What could be the cause of this?

1 possible explanation could be that this object's corners are all outside of the object. But technically it should regresses these points estimates as well as coordinates that are on the object itself?

Some side notes:

@btekin as always I look forward to hearing from you!

jgcbrouns commented 5 years ago

Note that this 3D model has reflective properties: it's black surface is highly reflective. I use a picture-wall that is filled with random picture of the VOC dataset and a cubemap + shader to generate random reflections in my 3D model. This could be of influence to the model not being able to learn properly. However, when I turn reflections off and replace it for matt surface properties, the results are the same.

danieldimit commented 5 years ago

Hi @jgcbrouns you know more on this method than me so I can't help you. I'm interested what learning rate you used and what initial weights. It would also be very kind of you if you could provide a link to your dataset and ply object, so I could test with it too.

btekin commented 5 years ago

I wonder how you chose your training data. Is it by randomly sampling? I think it would be important to have a better sampling of the viewpoints so that you have a large coverage of different viewpoints and distances to your object. We used the same training split with the BB8 paper (Rad & Lepetit, ICCV'17) and this was, I think, sampled such that the objects are seen from various different angles (which allows to use a smaller number of training images, but still reasonably high accuracy).
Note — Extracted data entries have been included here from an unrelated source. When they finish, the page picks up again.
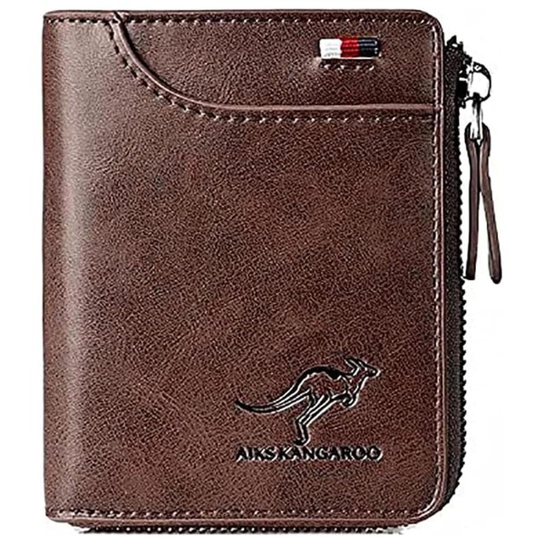 Men Wallet Zipper Genuine Leather Purs, Aiks Kangaroo Wallets, PU Stylish Soft Simple Design RFID Protected Wallet (Retro Red)
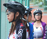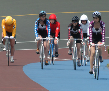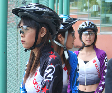 大橋、本田、渡辺さんが弥彦バンクへ入場
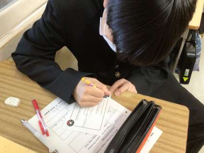 英語の時間にクリスマスカードを作っていました。
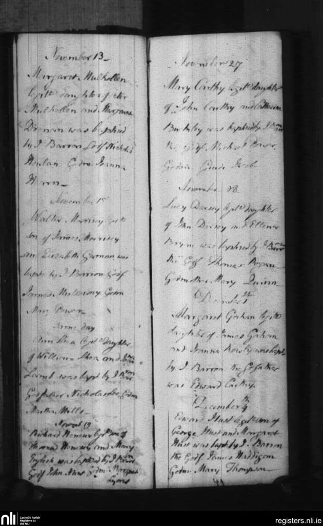 St. Patrick's and St. Olaf's, Waterford city; County of Waterford; Diocese of Waterford and Lismore. Baptisms, Nov. 1796 to Dec. 1796
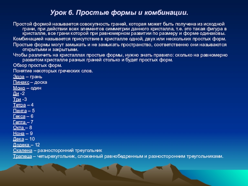 Чтобы различить на кристаллах простые формы, нужно знать правило: сколько на равномерно развитом кристалле разных граней столько и будет простых форм.
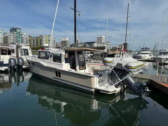 Cruising without compromise is the name of the game for the R-27 from Ranger Tugs. Straight from the factory, your R-27 will be outfitted to cruise, fish, and play in comfort and style. Powered by the efficient and popular Yamaha F300 outboard motor, the R-27 doesn’t waste time delivering you and your family to your next adventure. Enjoy peace of mind knowing that the included Garmin 8612xsv Chartplotter will guide you safely on your passage and that when you arrive, the bow thruster will make docking a non-event.
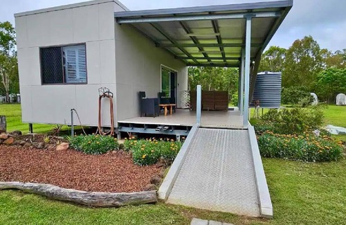 An open plan cabin with a large deck that is very modern and new. There's a ramp to deck for anyone needing wheel chair access. We spared no expense on the fit out especially the bed. King sized bed that be split into 2 beds for either friends or couples. good sized deck with lounge and deck chairs.
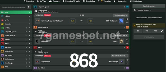 A aposta 868 oferece aos jogadores a experiência mais conveniente de apostas em eSports!
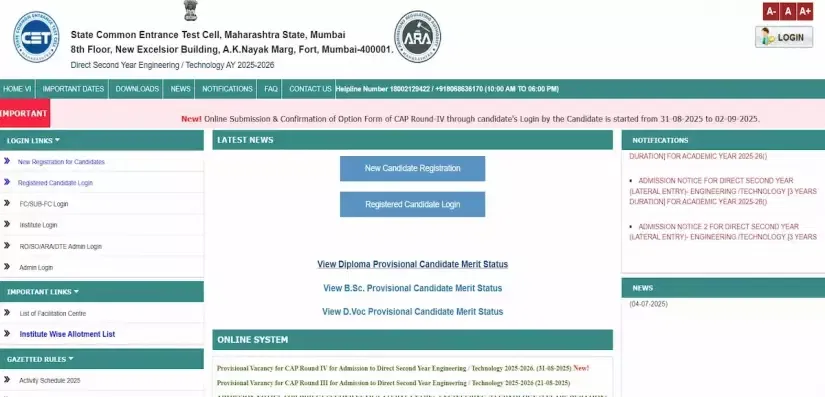 Visit the official website of the State Common Entrance Test Cell of Maharashtra for more information on Maharashtra DSE CAP Counsellilng 2025 and more.
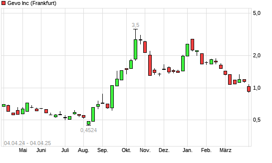 Mit dem Rücksetzer auf 0,97 EUR hat die GEVO-Aktie (ISIN US3743964062) am 03.04.2025 ein neues 6-Monats-Tief erreicht und damit den Kurs vom 02.04.2025 eingestellt.
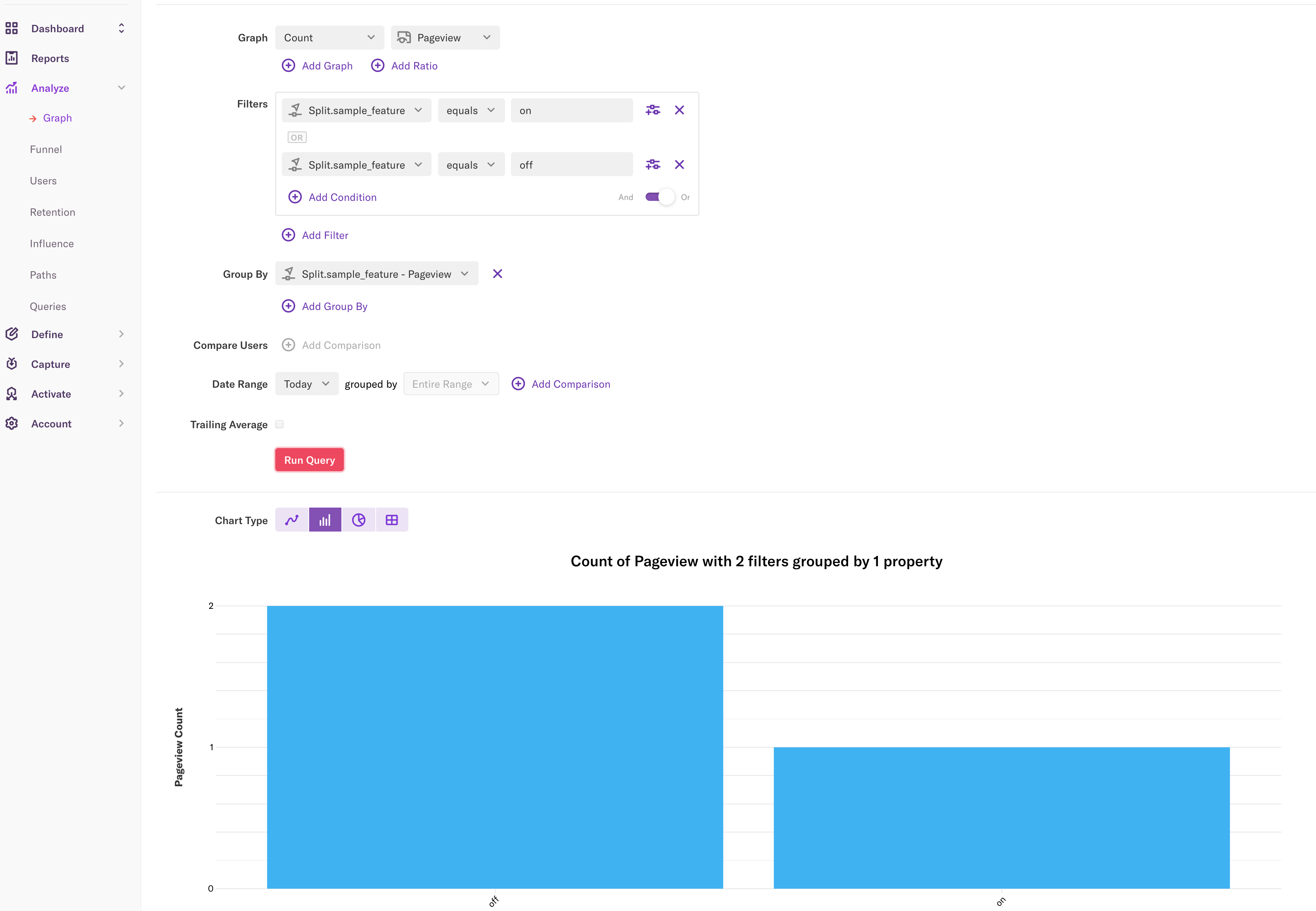 Create a graph of the count of page views filtering by Harness FME feature flag names and treatments. Group by the flag name to see the count by treatment.
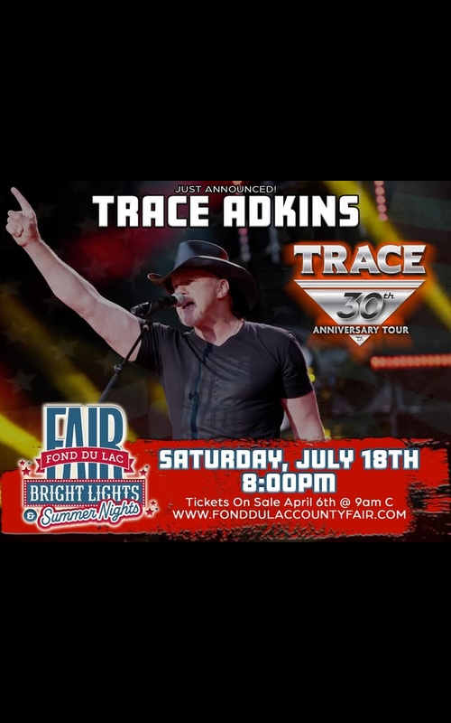 TRACE ADKINS is bringing his 30th Anniversary tour to the National Exchange Bank & Trust stage at the Holiday Automotive Grandstand on July 18th a the Fond du Lac County Fair
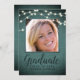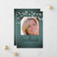 This rustic photo graduation announcement will be the perfect choice to send to your family and friends.The front of the card has a teal blue burlap textured background and frame for your photo with string lights at the top. Below your photo is the world "Graduate, class of 20XX" and your name for you to personalize in a modern script typography. Designed by world artists ©Tim Coffey and Susan Coffey. Photography © Storytree Studios, Stanford, CA.
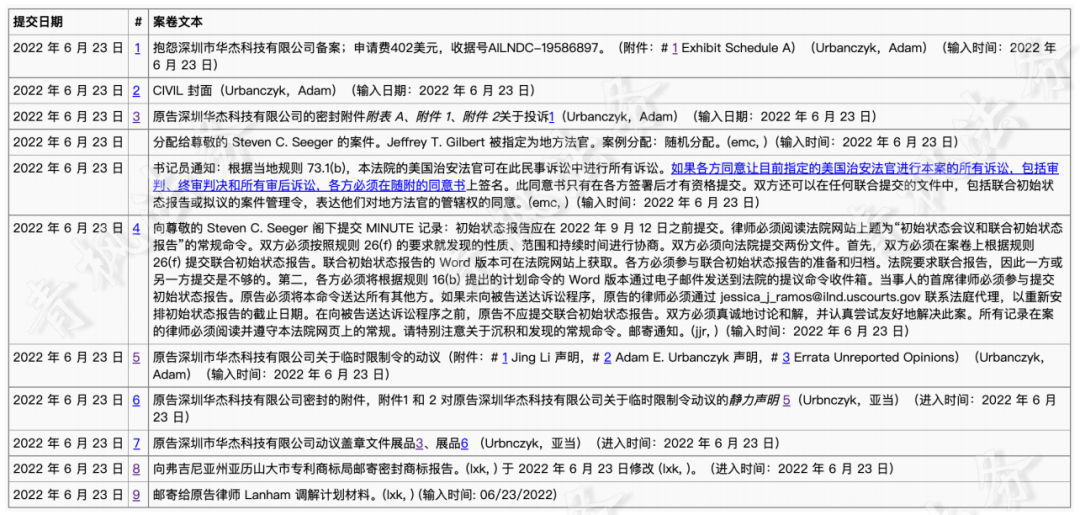 起诉时间:6月23日案件号:22-cv-3277代理律所:AU LLC受理法院:伊利诺伊州北区法院原告公司:Shenzhen Huajie Technology Co Ltd
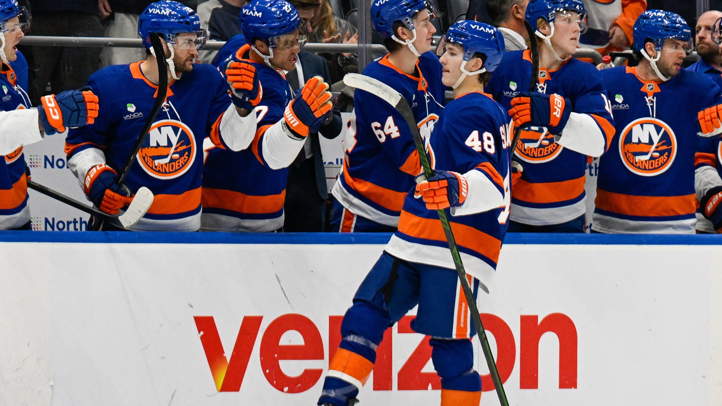 Islanders’ Matthew Schaefer continues historic rookie campaignThe youngster scored his eighth goal of the season Friday11/29/2025, 3:14 AMJohn FlaniganFreelance Editorial ProducerNew York Islanders defenseman Matthew Schaefer (48) celebrates his goal against the Philadelphia Flyers during the second period at UBS Arena / Dennis Schneidler - Imagn Images
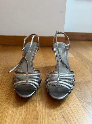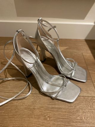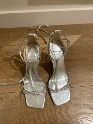Sandalias tacón Zara piel plateadas
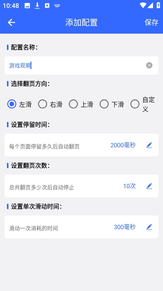 5、还可以自定义配置名称,停留时间,翻页次数,单次滑动时间等相关参数。
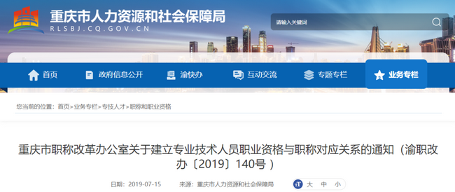 重慶市人社局發(fā)布《重慶市職稱改革辦公室關(guān)于建立專業(yè)技術(shù)人員職業(yè)資格與職稱對應(yīng)關(guān)系的通知》:在對應(yīng)關(guān)系范圍內(nèi),專業(yè)技術(shù)人員取得職業(yè)資格即可認定其具備相應(yīng)系列和層級的職稱,并可作為申報高一級職稱的條件。本市用人單位可根據(jù)工作需要,對符合對應(yīng)條件的人員按照相應(yīng)專業(yè)技術(shù)崗位任職條件和聘任程序,擇優(yōu)聘任到相應(yīng)系列和層級職稱的崗位。
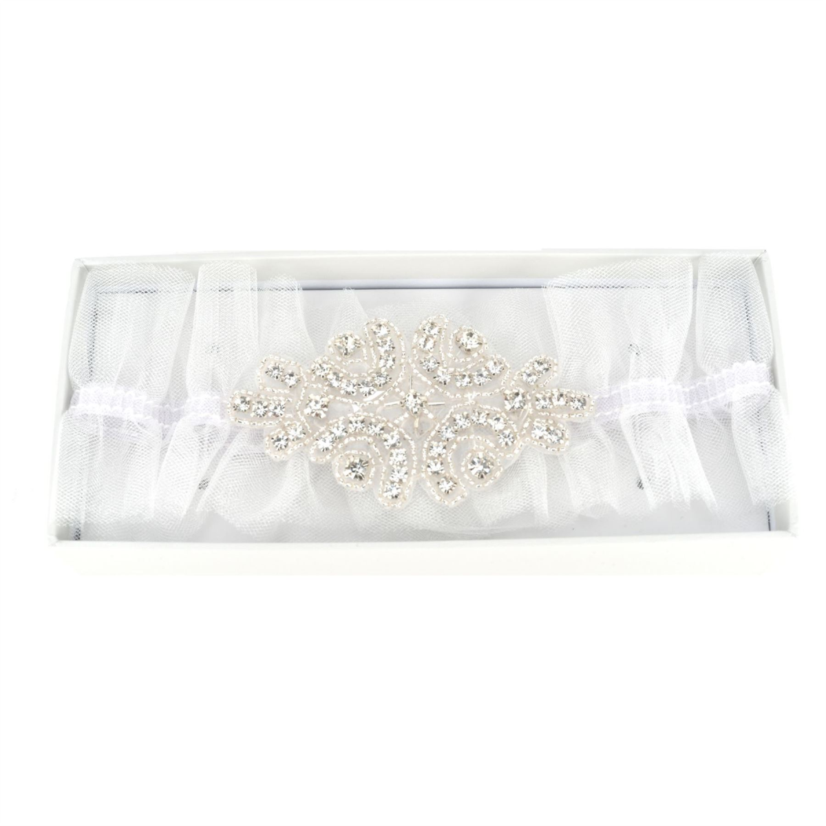 A beautiful white tulle wedding garter with elasticated hem. From AMORE BY JULIANA� - timeless giftware to celebrate the enduring wonder of love.
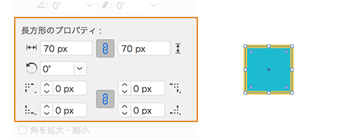 - 幅 / 高さ:長方形の高さまたは幅を指定します。角は維持され、半径は変更されません。
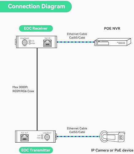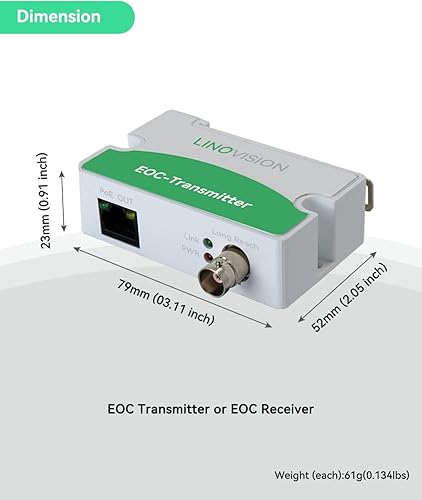 LINOVISION Convertitore POE su coassiale EOC Max 3000 piedi Potenza e trasmissione dati su cavo coassiale per l'aggiornamento del sistema di sorveglianza analogico al sistema di sorveglianza IP
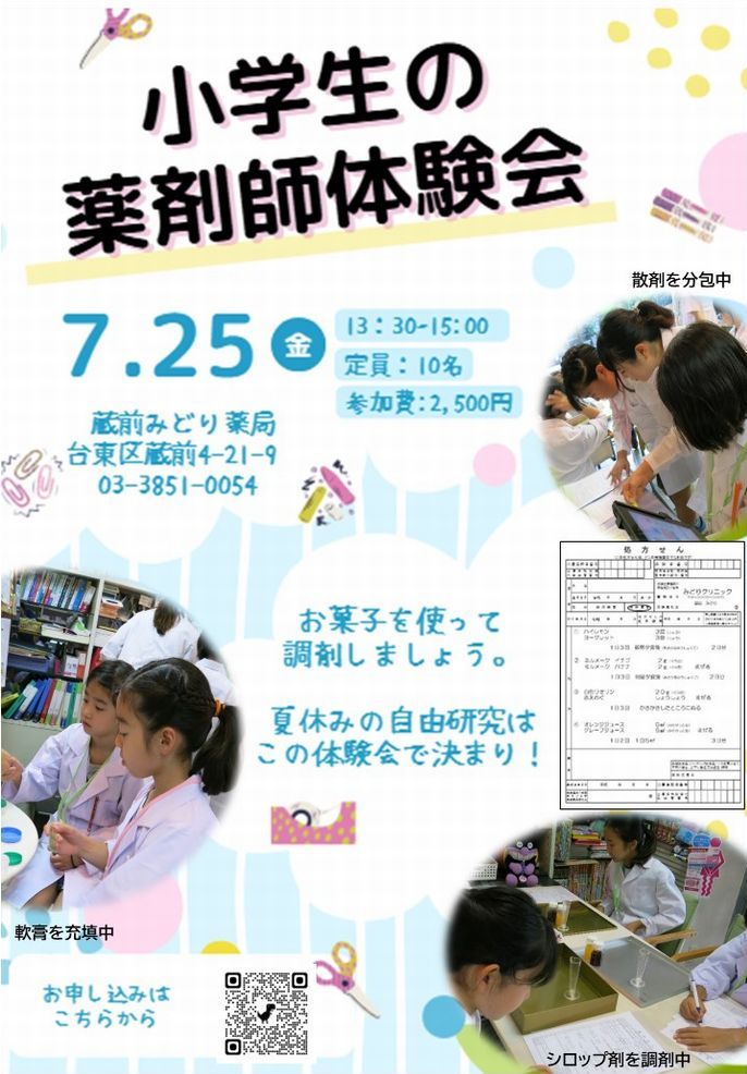 みどり薬局 Open Pharmacy 始動! 薬局はどんなところ? 薬剤師はどんなことをするの? イベント参加の体験を通して、 患者さん、学生さん、地域の方、医療者の方、介護者の方に、 薬局を知っていただきたいと考えています。 気軽に参加できるさまざまなイベントを定期的に開催していきます。 今後ともよろしくお願いします。
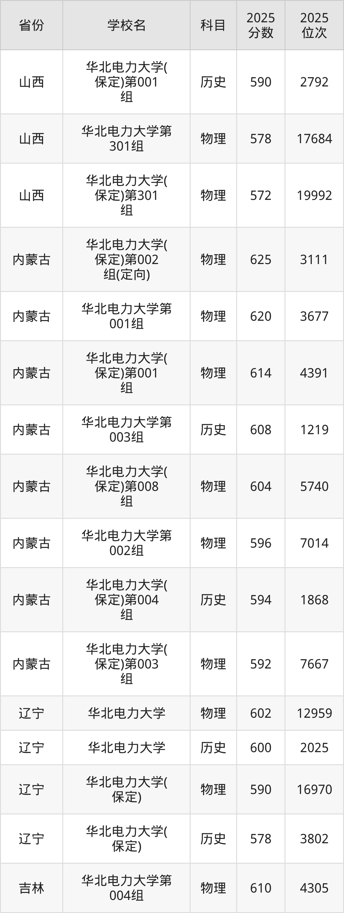 2026年华北电力大学录取分数线预计在590分及以上,在各省录取最低分存在一定差异,如:2025年华北电力大学在河北录取最低历史类608分、物理类604分,在山西录取最低历史类590分、物理类572分,在吉林录取最低历史类576分、物理类566分。

They explain their selection of training images in their paper as follows, it might be helpful in your case as well:

The training images are selected as in [2], such thatrelative orientation between them should be larger than athreshold.

Visualizations also show that the object does not contain much texture and is somewhat symmetrical. Given these, I would find the output qualitative results and the overall accuracy reasonable. Of course, it would be possible to get better convergence by tweaking the parameters of the network, however I would not expect batch size to have a big influence on the accuracy. There are a few relevant studies which predicts semantic keypoints on the object, which are then used for pose estimation. I think, predicting points on the object rather than bounding box corners would be worth a try.